We also study the measure of this set when parameter orthogonality is
possible. In particular, it is shown that one can find a
reparameterization under which the set of singularities of the
information matrix is nowhere dense and of measure zero set, provided
that parameter orthogonality is possible. Our results, therefore,
suggest that in problems for which the tangible conditions of
identifiability and smoothness may be assumed, positive definiteness
of the information matrix "rarely" fails to hold.
- CHRISTIAN GENEST, Université Laval, Québec, Canada G1K 7P4
Testing independence revisited / Un nouveau regard sur les
tests d'indépendance
-
Testing independence is a time-honored problem in statistics. This
issue will be revisited here in the light of the theory of copulas.

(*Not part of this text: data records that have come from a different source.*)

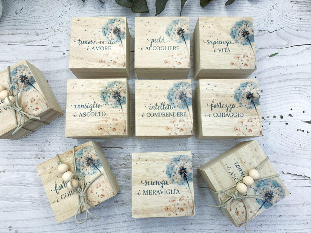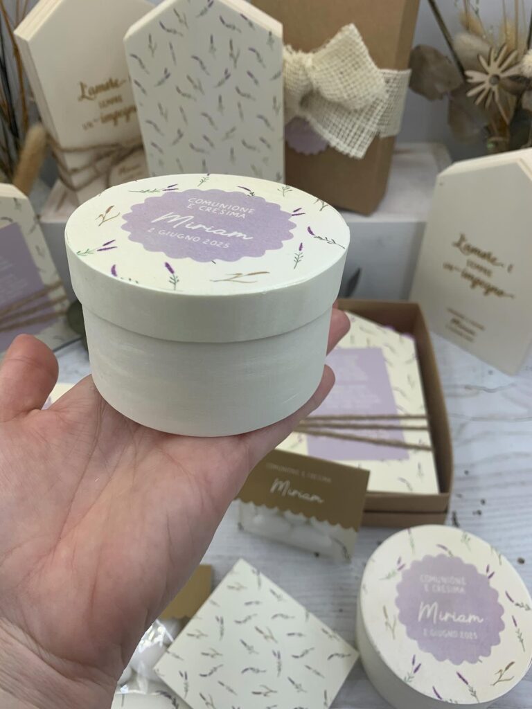 Piacciono perché sono sobrie ma piene di carattere, perché si adattano facilmente a diversi stili di festa e soprattutto perché possono essere personalizzate in molti modi diversi. Grazie alla lavorazione artigianale è possibile aggiungere frasi, nomi, date o piccole grafiche inerenti al sacramento della cresima, trasformando ogni scatolina in un ricordo unico.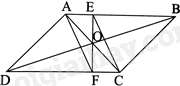 Cho hình bình hành ABCD. Vẽ hình bình hành AECF \(\left( {E \in AB,F \in CD} \right)\). Chứng minh rằng ba đường thẳng EF, AC, BD đồng quy.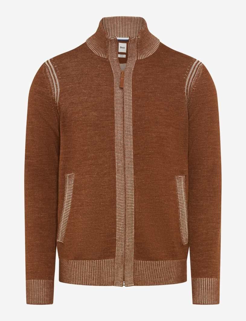 Die Strickjacke im Style Jake überzeugt mit einer klaren, geraden Silhouette und bringt sportiven Esprit in Ihre Garderobe. Ihr hochschließender Stehkragen sorgt für einen smarten Look und bietet gleichzeitig angenehmen Schutz an kühleren Tagen. Der durchgehende Reißverschluss setzt funktionale Akzente und macht die Jacke besonders unkompliziert im Handling. Praktische Einschubtaschen mit dezent abgesetzten Kanten verleihen dem Design eine lässig-urbane Note. Das Strickbild zeigt sich fein und gleichmäßig, mit dezenten Kontrastnähten entlang der Schultern und Taschen, die subtile Akzente setzen und den maskulinen Charakter betonen. Breite Rippbündchen an Saum und Ärmeln sorgen für einen perfekten Sitz und ein formstabiles Finish. Die besondere „Feel Good Sportive“-Verarbeitung vereint Komfort und Funktionalität: Die Innenseite aus weicher Baumwolle liegt angenehm auf der Haut, während die Außenseite mit hochwertiger Wolle für eine edle Optik und wärmende Eigenschaften sorgt. Polyacryl-Anteile machen das Material pflegeleicht und formstabil – ideal für den modernen Alltag.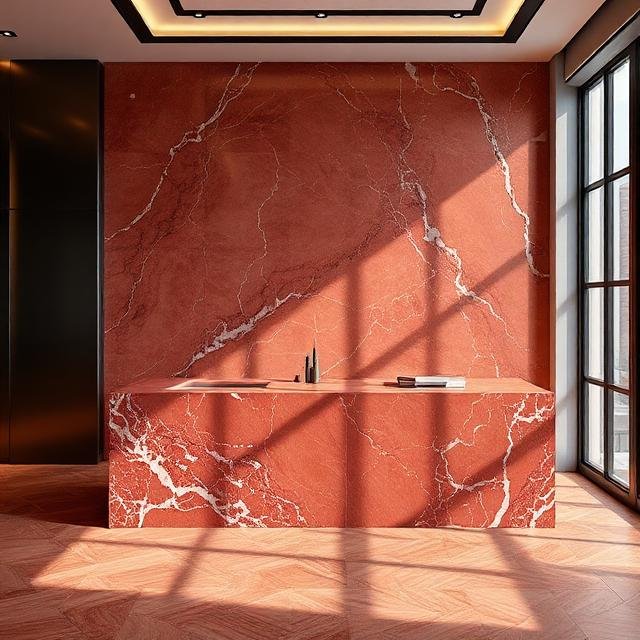 - The Monolithic Block: Ek single aur solid color ka marble jo zameen se juda rehta hai wese design luxury ka look detha hai.
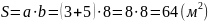 Решение. Математической моделью данного чертежа будет являться прямоугольник. Для того, чтобы найти его площадь, воспользуемся формулой площади прямоугольника и умножим длину на ширину.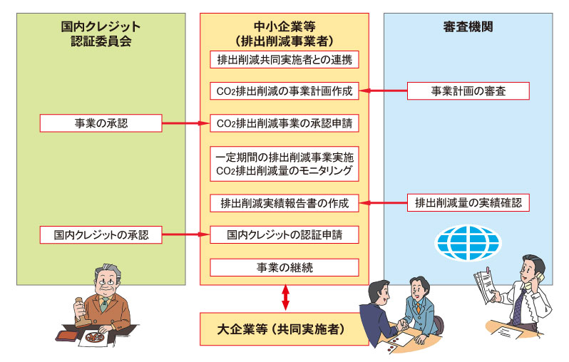 中小企業などが省エネ化を進めてCO2排出量を減らし、削減分を大企業などに買い取ってもらう仕組みの事です。大企業側は自主的に定めた削減目標の達成に活用でき、中小企業側は一定の収入が得られます。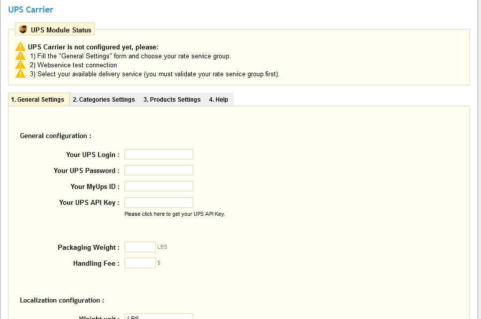 Prestashop shows me the warning: "UPS Carrier - 'Packaging weight' , 'Handling fee' must be configured to use this module correctly. " What are this fields exactly for? Thanks in advance. Best regards. |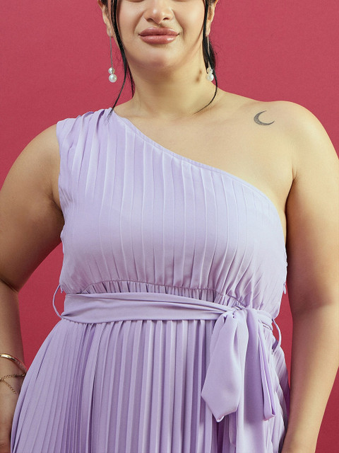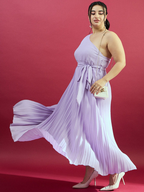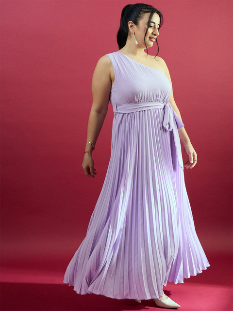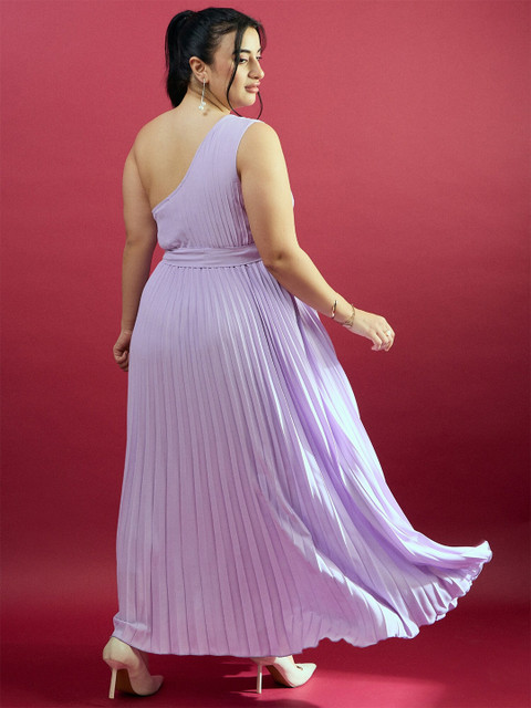 CURVE BY KASSUALLY Plus Size Purple One Shoulder Pleated Maxi Dress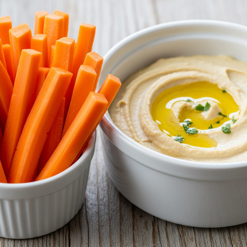 Carrots are high in beta-carotene, which the body converts to vitamin A to support the immune system. Hummus, made from chickpeas and olive oil, provides healthy fats and fiber. This combination is a classic affordable snack that provides a satisfying crunch and various phytonutrients.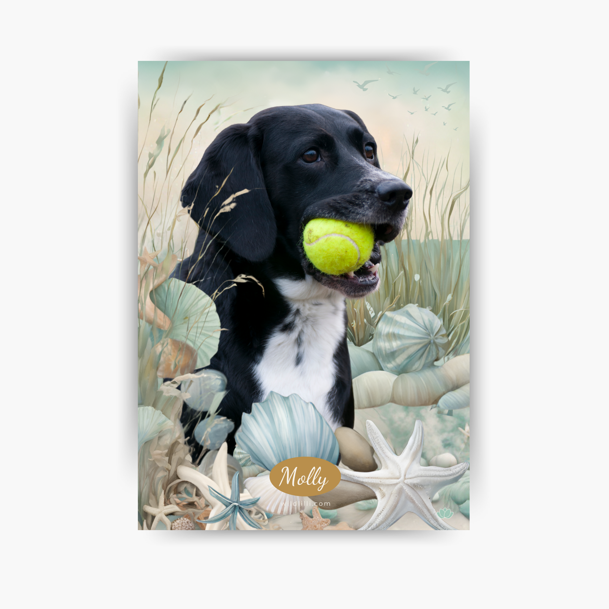 This design captures the feeling of salt air, sandy paws, and wind-tousled fur — the kind of carefree joy only a beach day can bring. With soft blues, pale sun, and textured coastal elements, it’s perfect for dogs who chased waves, watched sunsets, or simply found peace near the sea.

It will be argued that outside the normal paradigm, effective tests of
independence should be rank-based, and that nonparametric tests of
independence yield most powerful and robust procedures that those
based on the likelihood. The small- and large-sample properties of
locally most powerful procedures will be compared to those of standard
tests, notably through the notion of Pitman's asymptotic relative
efficiency. Tests based on Cramér-von Mises and Kolmogorov-Smirnov
functionals of Deheuvels' empirical copula process will also be
considered. This presentation will be based on joint work with
J.-F. Quessy, B. Rémillard, and F. Verret.
Le problème de tester l'indépendance est classique en statistique.
La question sera abordée ici sous l'angle de la théorie des
copules. On fera valoir qu'en dehors du cadre normal, tout bon test
d'indépendance devrait être fondé sur les rangs des observations
et qu'à cet égard, les procédures non paramétriques sont
généralement plus puissantes et robustes que celles qui s'appuient
sur la vraisemblance. Le comportement de tests de rangs localement
les plus puissants sera comparé à celui de procédures
classiques, tant dans de petits que de grands échantillons,
notamment au moyen de la notion d'efficacité relative asymptotique
de Pitman. On s'intéressera en outre à des tests construits à
partir de fonctionnelles de type Cramér-von Mises et
Kolmogorov-Smirnov du processus de copule expérimental de Deheuvels.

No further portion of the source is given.